● **Exercise goal**
All that is needed is the lines from the one containing "방탄소년단(BTS) 뷔가 일본의" through the end of the listing, printed exactly, with no pictures among them.

● **Dataset extract**
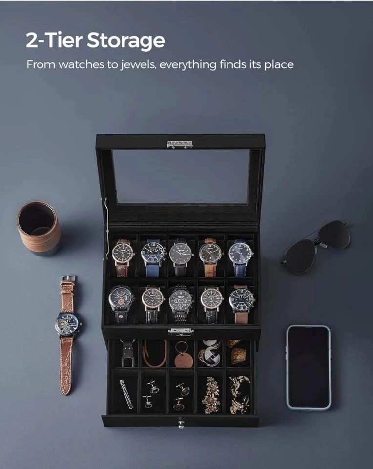 SONGMICS 20-Slot Watch Box Organizer Black Synthetic Leather
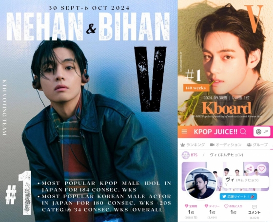 방탄소년단(BTS) 뷔가 일본의 주요 인기랭킹 투표에서 1위를 싹쓸이하며 '태태랜드' 인기를 입증했다.
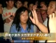 【新唐人】群衆が激昂 女性警官が老人に暴行
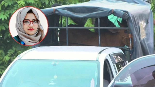 সভায় যোগ দিতে সরকারি গাড়িতেই রাজশাহী এসেছিলেন নাটোরের বাগাতিপাড়া উপজেলা নির্বাহী কর্মকর্তা (ইউএনও) হা-মীম তাবাসসুম প্রভা। সভা শেষ করে সোজা হাটে গিয়ে তিনি কোরবানির গরু কিনেছেন। তারপর সেই সরকারি গাড়িতেই তুলে নিয়ে গেছেন গরু। বৃহস্পতিবার (৫ জুন) এই ঘটনা ঘটে। এ নিয়ে ব্যাপক সমালোচনা দেখা দিয়েছে।সংশ্লিষ্ট সূত্রে জানা গেছে, রাজশাহী অঞ্চলে আমের কেনাবেচার সময় আড়তদারদের বাড়তি ওজন নেওয়া নিয়ে বৃহস্পতিবার সকালে বিভাগীয় কমিশনারের কার্যালয়ে একটি সভা ছিল। এ সভায় এসেছিলেন বাগাতিপাড়ার ইউএনও হা-মীম তাবাসসুম প্রভা। তিনি এখন বাগাতিপাড়া উপজেলার সহকারী কমিশনারেরও (ভূমি) অতিরিক্ত দায়িত্ব পালন করছেন।তাই উপজেলার সহকারী কমিশনারের (ভূমি) ডাবল কেবিন পিকআপ নিয়েই তিনি সভায় আসেন। সভা শেষ হয় দুপুরে। এরপর রাজশাহীর সিটিহাটে গিয়ে তিনি কোরবানির জন্য একটি গরু কেনেন। সেই গরু তিনি গাড়ির পেছনের কেবিনে তুলে নেন। আর সামনের কেবিনে বসেন ইউএনও। এভাবে তিনি সরকারি গাড়িতে রাজশাহী থেকে গরু নাটোর নিয়ে যান।

● **Worked solution**
 방탄소년단(BTS) 뷔가 일본의 주요 인기랭킹 투표에서 1위를 싹쓸이하며 '태태랜드' 인기를 입증했다.
 【新唐人】群衆が激昂 女性警官が老人に暴行
 সভায় যোগ দিতে সরকারি গাড়িতেই রাজশাহী এসেছিলেন নাটোরের বাগাতিপাড়া উপজেলা নির্বাহী কর্মকর্তা (ইউএনও) হা-মীম তাবাসসুম প্রভা। সভা শেষ করে সোজা হাটে গিয়ে তিনি কোরবানির গরু কিনেছেন। তারপর সেই সরকারি গাড়িতেই তুলে নিয়ে গেছেন গরু। বৃহস্পতিবার (৫ জুন) এই ঘটনা ঘটে। এ নিয়ে ব্যাপক সমালোচনা দেখা দিয়েছে।সংশ্লিষ্ট সূত্রে জানা গেছে, রাজশাহী অঞ্চলে আমের কেনাবেচার সময় আড়তদারদের বাড়তি ওজন নেওয়া নিয়ে বৃহস্পতিবার সকালে বিভাগীয় কমিশনারের কার্যালয়ে একটি সভা ছিল। এ সভায় এসেছিলেন বাগাতিপাড়ার ইউএনও হা-মীম তাবাসসুম প্রভা। তিনি এখন বাগাতিপাড়া উপজেলার সহকারী কমিশনারেরও (ভূমি) অতিরিক্ত দায়িত্ব পালন করছেন।তাই উপজেলার সহকারী কমিশনারের (ভূমি) ডাবল কেবিন পিকআপ নিয়েই তিনি সভায় আসেন। সভা শেষ হয় দুপুরে। এরপর রাজশাহীর সিটিহাটে গিয়ে তিনি কোরবানির জন্য একটি গরু কেনেন। সেই গরু তিনি গাড়ির পেছনের কেবিনে তুলে নেন। আর সামনের কেবিনে বসেন ইউএনও। এভাবে তিনি সরকারি গাড়িতে রাজশাহী থেকে গরু নাটোর নিয়ে যান।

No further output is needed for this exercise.